Benzing noted that it’s something he’s been hearing for the past five years and that it is negligent of the city to leave that liability out there.

“It’s negligent spending money we don’t have, too,” commented Council Member Sharon Asplin.

Benzing noted that the city is breaking its own law since the current ordinance states that the city is responsible for sidewalk repairs.

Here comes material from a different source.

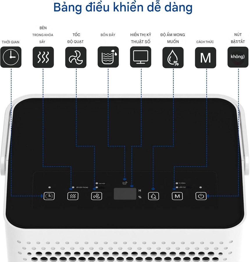 Bảng điều khiển thông minh: Tích hợp hẹn giờ, điều chỉnh độ ẩm tự động và chế độ khử khuẩn không khí.

Putnam later stated he didn’t agree with an ordinance that bound the city to spend money.

The council took no action regarding the sidewalks, but will hold a public hearing Monday, Oct. 21 at 7 p.m. regarding having the ordinance include an assessment to property owners for any snow/ice removal done by the city.

New deputy in town

Deputy Brian Bondhus was introduced to the council last Monday as a full-time deputy replacing Travis Sebring, who has taken a different position in the Meeker County Sheriff’s Office.

Bondhus, a resident of Darwin, began working part time with the department as a correctional officer in 2006, and then transferred into the boat and water patrol in 2009.

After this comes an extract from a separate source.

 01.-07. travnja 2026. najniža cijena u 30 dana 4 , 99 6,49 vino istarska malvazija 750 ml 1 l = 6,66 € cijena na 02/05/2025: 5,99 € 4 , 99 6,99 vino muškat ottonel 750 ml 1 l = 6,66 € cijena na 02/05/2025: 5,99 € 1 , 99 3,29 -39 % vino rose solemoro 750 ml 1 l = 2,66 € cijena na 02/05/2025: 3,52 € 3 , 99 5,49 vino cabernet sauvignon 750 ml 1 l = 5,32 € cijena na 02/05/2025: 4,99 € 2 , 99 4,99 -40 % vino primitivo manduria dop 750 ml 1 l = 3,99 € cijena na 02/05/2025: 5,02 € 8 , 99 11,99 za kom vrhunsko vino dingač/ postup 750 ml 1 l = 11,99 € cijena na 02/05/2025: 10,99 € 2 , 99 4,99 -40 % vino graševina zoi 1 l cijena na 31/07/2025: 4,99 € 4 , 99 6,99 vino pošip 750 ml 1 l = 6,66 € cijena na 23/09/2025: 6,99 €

Supt. presents levy information

Dassel-Cokato Superintendent Jeff Powers presented to the council regarding the levy that will be brought forth to voters Tuesday, Nov. 5.

Powers explained that the proposed levy, which would increase the district’s revenue by $450,000, would replace the current levy, which expires in 2015, and will last for 10 years with a small inflationary increase based on the consumer price index.

The levy would amount to $650 per pupil, and include $438 from the voters and $212 from state aid (Location Equity Aid made up of 58 percent state tax base and 42 percent local tax base).

The proposed levy would support the current levy’s expenses including updating technology, off-setting bus fuel and heating costs, providing support to students who struggle academically, hiring additional coaches and advisors as needed based on participation, etc.

Powers provided a graph of the tax impact for residential homesteads, commercial/industrial, and agricultural homestead (taxed on home value and one acre). As an example, Powers used a home with a taxable market value of $175,000. The annual increase would be $12.38.

He also noted the tax-payers will see relief after 2014-15, when the bond will be paid off for the construction of the middle school commons, early childhood center, and district office. The decrease for the same homestead at that time is estimated at $43.20.

Odds and ends

In other business, the council:

• approved a one-time early retirement incentive program for staff, with the deadline being the end of January, for retirement no later than June 30, 2014.

• approved the resignation of Council Member Sara Bollman Nelson from the personnel committee, and Asplin from the fire department advisory board. Asplin will then be on the personnel committee, and Putnam will take her place on the fire department advisory board.

• was informed that there have been a number of thefts from unlocked vehicles within the city, and residents are advised to lock their vehicle doors.